- **AVAILABLE DATA**:
-------

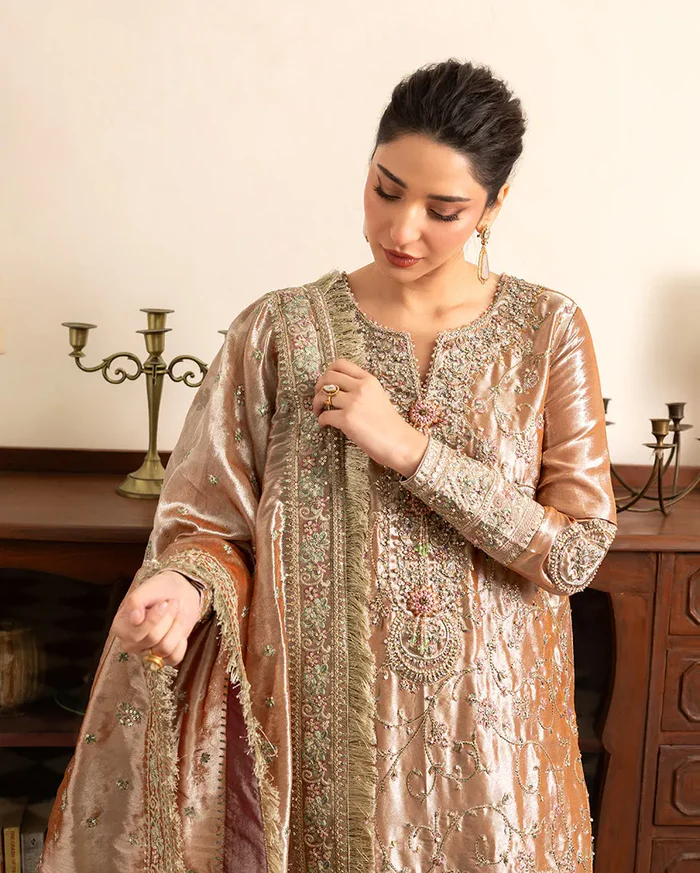 • Zari tissue dupatta featuring fringed edges and delicate floral motifs.
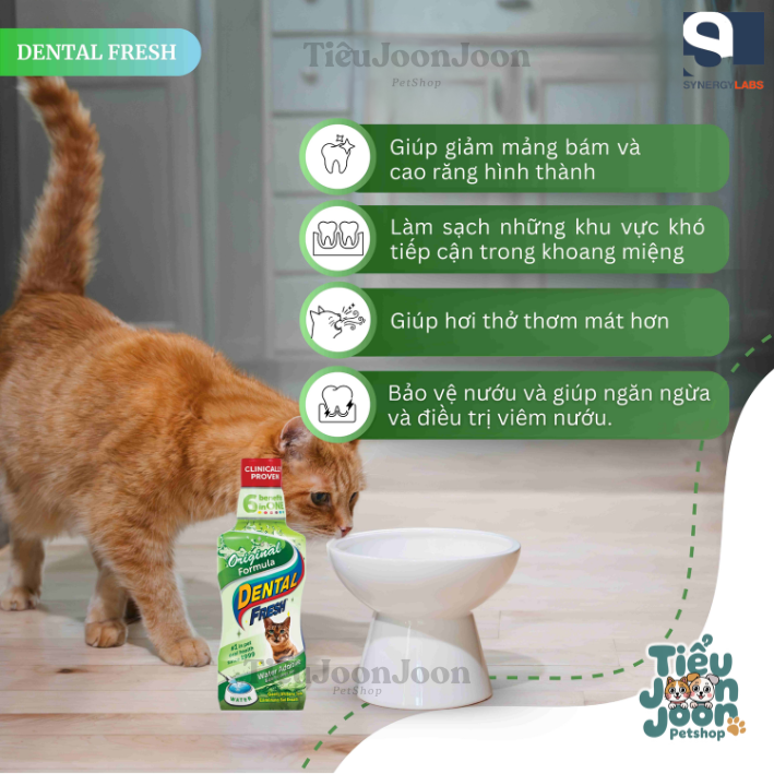 - Pha một nắp đầy Dental Fresh vào khoảng 240ml nước trong bát nước của thú. Hoặc theo hướng dẫn của BSTY.
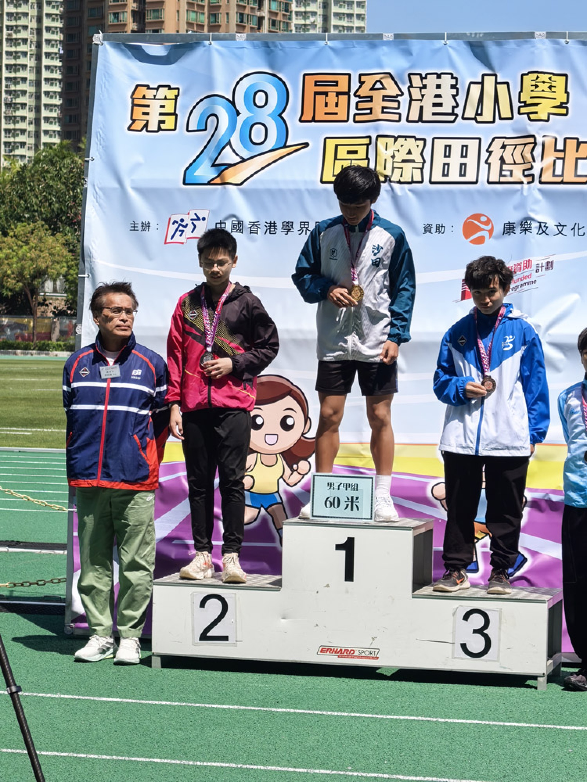 6A班周俊安同學於「第28屆全港小學區際田徑比賽」勇奪男子甲組60米季軍。俊安憑藉勤奮訓練與堅毅意志,為校爭光,展現本校推動全人發展的成果。全校師生同感驕傲,祝願他再接再厲,再創佳績!
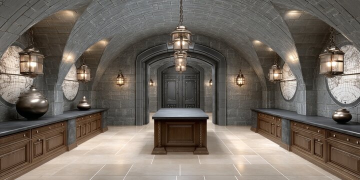 A dark chamber of trade with old world maps and glowing trade seals across empires

-------

- **WHAT NEEDS TO BE DONE**: The expected answer is the whole listing above, copied exactly, with images excluded.

- **RESULT FOR THIS EXERCISE**:
 • Zari tissue dupatta featuring fringed edges and delicate floral motifs.
 - Pha một nắp đầy Dental Fresh vào khoảng 240ml nước trong bát nước của thú. Hoặc theo hướng dẫn của BSTY.
 6A班周俊安同學於「第28屆全港小學區際田徑比賽」勇奪男子甲組60米季軍。俊安憑藉勤奮訓練與堅毅意志,為校爭光,展現本校推動全人發展的成果。全校師生同感驕傲,祝願他再接再厲,再創佳績!
 A dark chamber of trade with old world maps and glowing trade seals across empires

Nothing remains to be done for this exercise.